У кошечек нежная шкурка - Фредерик Дар
Шрифт:
Интервал:
Закладка:
В комнате я разглядел радиопередатчик, фотоувеличитель и другие фотопринадлежности. Отдаю Буржуа аппарат и уже через пару минут восхищаюсь той ловкостью, с которой он работает.
— Не думаю, что это будет очень хорошо, — бросаю я ему, — свет был так себе…
Он не отвечает. В свете красной лампы он заряжает пленку в бачок с проявителем, а проявив ее, высушивает и укрепляет в увеличителе.
Жду, пока фотография будет готова. Хорошо, если на ней можно будет хоть что-нибудь разобрать и установить личность девушки. Эта симпатяшка так меня занимает, что я хочу знать о ней все от начала и до конца.

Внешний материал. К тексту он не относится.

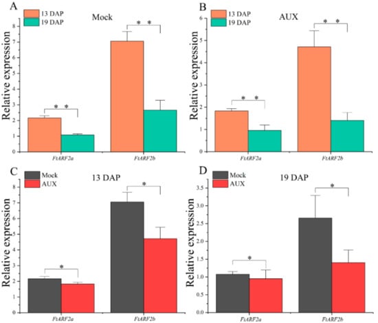 Expression analysis of the two FtARF2 genes in the STB fruits at 13 and 19 DAP under mock and IAA treatments. (A) Expression analysis of the two FtARF2 genes in the STB fruits at 13 and 19 DAP under mock treatments. (B) Expression analysis of the two FtARF2 genes in the STB fruits at 13 and 19 DAP under IAA treatments. (C) Expression analysis of the two FtARF2 genes in the STB fruits at 13 DAP under mock and IAA treatments. (D) Expression analysis of the two FtARF2 genes in the STB fruits at 19 DAP under mock and IAA treatments. * and ** indicate significant differences at 0.05 and 0.01 levels, respectively.
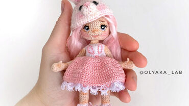 Полностью описание вязания всей куклы с каркасом, вышивка глаз, прическа, одежда (снимается только шапка и юбка)
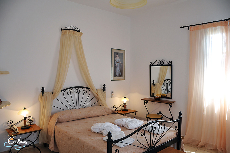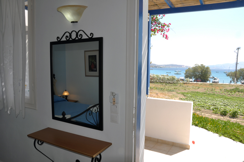 Every studio has each own veranda with sea-view and the room types are: -Superior double studio at the upper floor of the \'En-Milo\' -Double studios -Double standard room -Apartment \'En-Milo\'

Только бы она в ящик не сыграла, это было бы досадно — такая стройненькая, симпатичненькая… Я, видите ли, сентиментален и люблю все прекрасное — «Лунную сонату», Деда Мороза, не забывая, конечно, и о девочках из «Фоли Бержер».
Резко вспыхивает свет, и я первое время лишь моргаю глазами, стараясь к нему привыкнуть.

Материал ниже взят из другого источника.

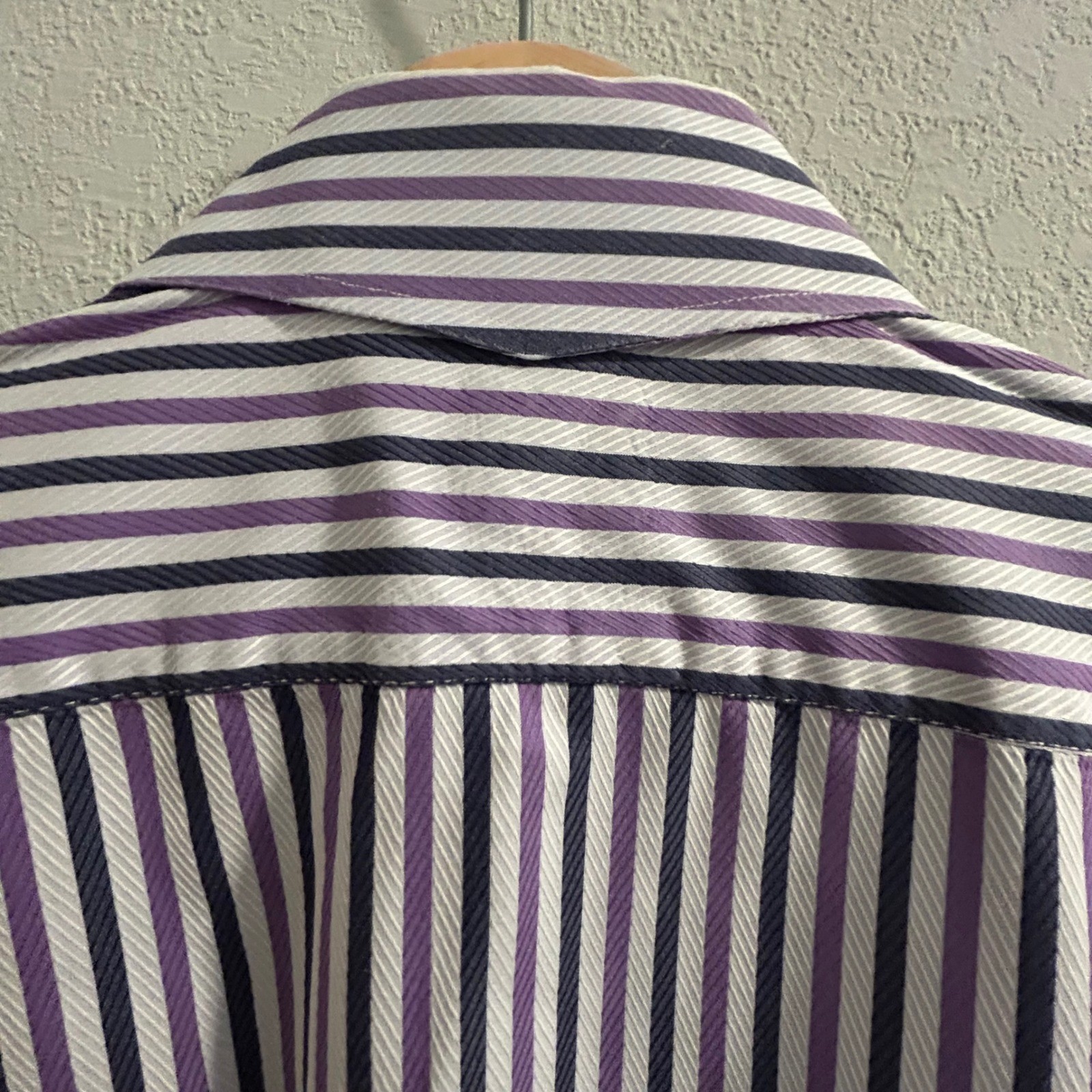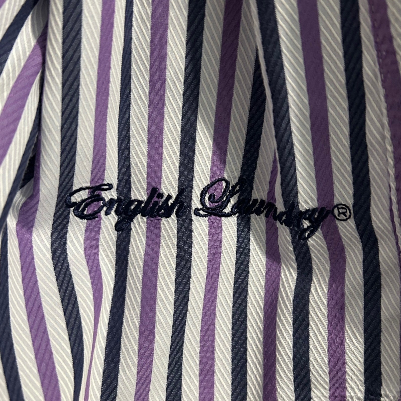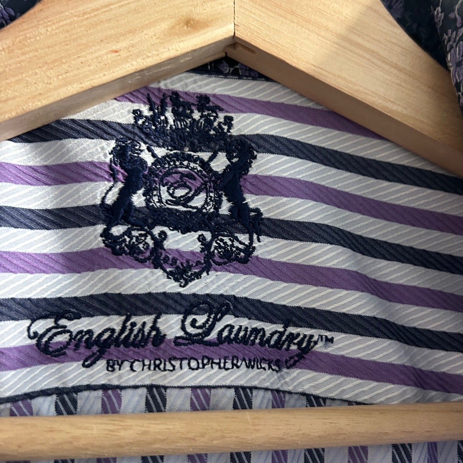 как выглядит English Laundry Mens Striped Dress Shirt Purple Button Down Size 16 34/35 фото

— Не так плохо, — послышался голос Буржуа протягивающего мне еще сырой кусочек глянцевого картона, — взгляните!
Действительно, раненая видна очень хорошо, и рядом с ней — моя милая толстушка. А, кстати, эта дурочка должна была рвать и метать, напрасно прождав меня тогда на месте полуночного свидания. Что ж, всякое разочарование — путь к опыту…
— Недурно, — одобрительно киваю я, — это фото можно послать в Лондон?
— Конечно, почему же нет…
Беру карандаш и надписываю на обороте: «Кто это?»
Прибавьте к этому пару слов о моем прибытии. Да, о передрягах с гестапо, я думаю, лучше умолчать! — замечаю я.
— Не беспокойтесь, — улыбается Буржуа, — приходите за ответом сюда.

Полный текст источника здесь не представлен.